**What you have to do:** Print exactly the line that contains "Charakter: Für die", then every following line through the end of the material; include nothing else and no pictures.

[Data Boundary: Start]

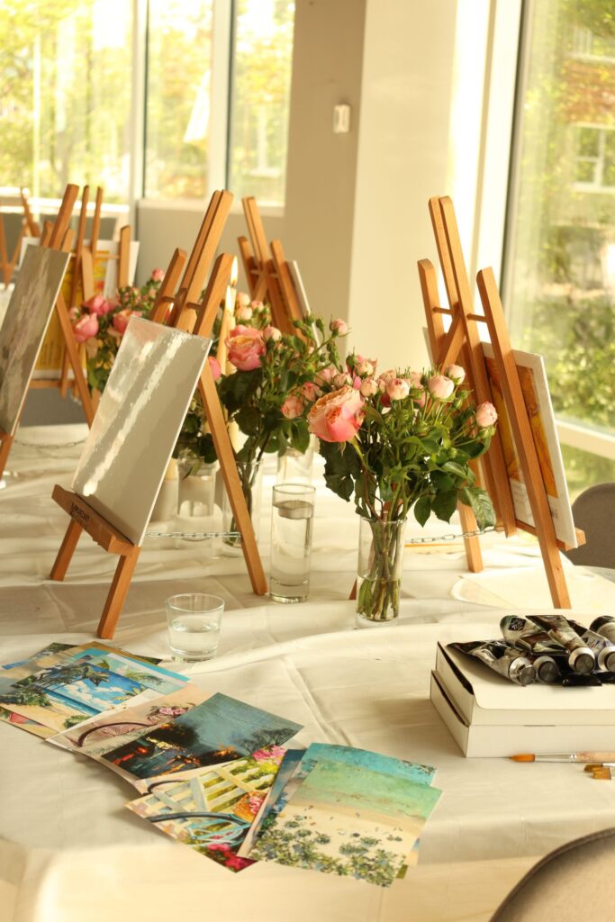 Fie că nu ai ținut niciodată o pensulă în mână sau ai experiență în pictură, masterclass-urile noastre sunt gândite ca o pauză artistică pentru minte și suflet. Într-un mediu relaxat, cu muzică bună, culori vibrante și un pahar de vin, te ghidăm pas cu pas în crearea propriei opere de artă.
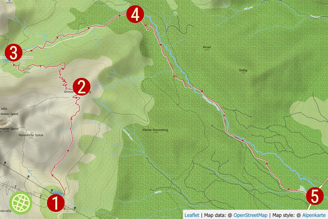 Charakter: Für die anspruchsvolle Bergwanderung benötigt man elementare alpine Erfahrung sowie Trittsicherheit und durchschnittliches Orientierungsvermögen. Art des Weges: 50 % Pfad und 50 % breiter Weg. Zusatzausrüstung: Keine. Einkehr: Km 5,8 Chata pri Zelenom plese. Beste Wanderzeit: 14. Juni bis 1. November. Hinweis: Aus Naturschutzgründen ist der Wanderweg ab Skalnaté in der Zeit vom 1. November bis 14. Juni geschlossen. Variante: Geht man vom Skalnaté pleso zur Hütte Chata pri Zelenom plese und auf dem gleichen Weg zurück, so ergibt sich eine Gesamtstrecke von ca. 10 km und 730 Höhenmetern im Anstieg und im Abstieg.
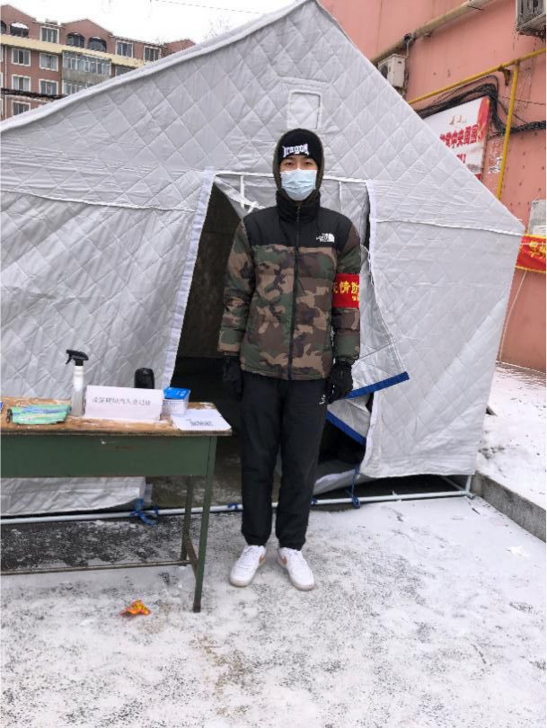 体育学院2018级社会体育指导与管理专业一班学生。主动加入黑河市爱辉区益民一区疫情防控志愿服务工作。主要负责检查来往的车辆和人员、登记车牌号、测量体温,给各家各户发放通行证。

[Data Boundary: End]

**Solution for this task:**
 Charakter: Für die anspruchsvolle Bergwanderung benötigt man elementare alpine Erfahrung sowie Trittsicherheit und durchschnittliches Orientierungsvermögen. Art des Weges: 50 % Pfad und 50 % breiter Weg. Zusatzausrüstung: Keine. Einkehr: Km 5,8 Chata pri Zelenom plese. Beste Wanderzeit: 14. Juni bis 1. November. Hinweis: Aus Naturschutzgründen ist der Wanderweg ab Skalnaté in der Zeit vom 1. November bis 14. Juni geschlossen. Variante: Geht man vom Skalnaté pleso zur Hütte Chata pri Zelenom plese und auf dem gleichen Weg zurück, so ergibt sich eine Gesamtstrecke von ca. 10 km und 730 Höhenmetern im Anstieg und im Abstieg.
 体育学院2018级社会体育指导与管理专业一班学生。主动加入黑河市爱辉区益民一区疫情防控志愿服务工作。主要负责检查来往的车辆和人员、登记车牌号、测量体温,给各家各户发放通行证。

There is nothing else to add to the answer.